What Professional Caregivers Notice That Family Members Miss
Caregivers consider their charges as “mom” or “dad,” just as other family members do. But the difference is that relatives grow accustomed to gradual decline over time, while caregivers enter the scene with trained, unfamiliar eyes. Thus, many subtle signs that caregivers pick up on are things that relatives have grown accustomed to and no longer recognize.
The Gradual Physical Signs That Occur Over Time
Weight loss is a gradual phenomenon that many relatives fail to recognize until it’s too late. When someone sees their mom every other week, they might not recognize the one pound here and two pounds there on a consistent basis. But professional caregivers recognize that if someone is losing weight for no reason, it may be a sign of trouble, difficulty in swallowing, depression, medication side effects, early onset of disease. Thus, the caregivers are trained to notice clothing that fits differently than before, and faces that look drawn.
Family can sometimes see it, but they become accustomed to it and fail to recognize anything needing help. Such as a gait. As people age, they walk differently. If someone sees their parent slowly become their caregiver, they may not realize the slow shuffle, the additional stance width for balance or the frequent reaching for furniture to stabilize themselves upon walking are all fall risks. Services that provide Pittsburgh home care have their staff trained to recognize these signs for what they are before they become something needing a trip to the ER.
Tremors in the hands are also something caregivers notice. Relatives brush aside their family member’s inevitability of aging, but caregivers realize that it could be a sign of poor medication or neurological signs. Either way, it’s the caregiver who helps them button their shirt, or can’t open the medicine bottle, or struggles with grip strength to properly take their medication or prevent burns.
The Safety Hazards That Should Be Obvious But Go Unnoticed
Professionals perform informal audits of their environment every time they step into someone else’s home. The pile of mail collecting on the stairs is a trip hazard to a trained eye, not just a nostalgic remnant of notes from an old age. The bathroom rug slipping on the ceramic tiles, the dimly lit hallway, the extension cords spanning paths become glaring inequalities. Family members have walked by them a hundred times and just learn to live with it.
Kitchen safety is even more telling. Caregivers recognize rotten food at the back of a fridge, a pot on the stove that became burnt to shambles because no one acknowledged time passing or grease so thick on the stove it hasn’t been cleaned in months. These are not signs of poor house clearing, these are signs that someone cannot adequately prepare food for themselves.
Even the room itself tells caregivers how someone has been. If someone has always kept a clean home and suddenly, they can no longer do dishes or laundry, then professional caregivers note that something has been amiss and it’s not a sudden turn of selfishness.

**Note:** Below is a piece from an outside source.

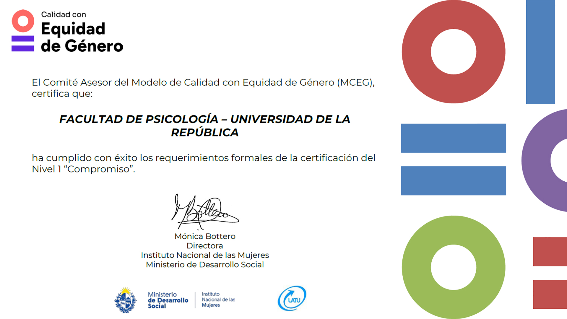 En el marco de esta actividad, la Facultad de Psicología, junto con las Facultades de Ingeniería, Odontología , recibieron el Certificado del Nivel 1 en el Modelo de Calidad con Equidad de Género, al tiempo que la Facultad de Veterinaria alcanzó el Nivel 2. La ceremonia contó con la participación de autoridades de los cuatro servicios certificados e integrantes de sus Comités y Comisiones de Género.

The Medication Realities That Families Assume Are Fine
Then there’s the medication reality; families assume that Grandma is taking her medication as prescribed. Caregivers check the pill vials and find that the Monday/Tuesday pills from three weeks ago are still in the organizer, there’s two bottles of the same medication at the bottom of the filled cabinet because someone forgot they’ve already picked it up once, or half-finished bottles of medicine that should have been done weeks ago.
But it extends beyond this reality. Sometimes, seniors skip medications because they don’t tell their doctors about side effects they don’t like. Some cut pills in half because they’re saving them for something or forget the difference between the two unless caregivers connect with all their clients to differentiate.
The Social Decline That Overwhelms Silently
Too often families hear someone say, “I’m fine. I don’t need to go anywhere,” or “I’m too busy,” without realizing that they’re avoiding socialization. Professional caregivers realize there’s a pattern, no canceled plans, no hobbies pursued, no group outings planned anymore. They understand that socialization is key for positive cognitive development and stabilization of depression, and they realize when someone is avoiding socialization due to shame of social ability or concern, they won’t be able to maintain physical expectations.
Missed phone calls. Friends who used to come over but don’t anymore. A relative who spends most days alone watching television instead of reading books. All of these social aspects matter and contribute to psychiatric and physical manifestation outcomes.
The Cognitive Struggles That Families Just Call Aging
Finally, people chalk up repeated stories told by Mom to simple aging. They think Mom’s repeating a question because she wasn’t paying attention. But caregivers note how often someone completely loses their train of thought mid-sentence, if they cannot recognize a common problem to discussion, if their confusion comes more frequently or to more drastic conclusions.
What’s more, caregivers realize the difference between what’s normal and what should be referred to a doctor. They know because they’ve seen it across a number of clients and they understand what’s within acceptable limits and what is not.
Having a professional come into assess the situation does not mean family members did anything wrong. It means that love blinds people, and those trained have an easier time spotting gradual declines that familiarity fails to observe. Sometimes the best thing that families can do is acknowledge when that outside perspective is warranted.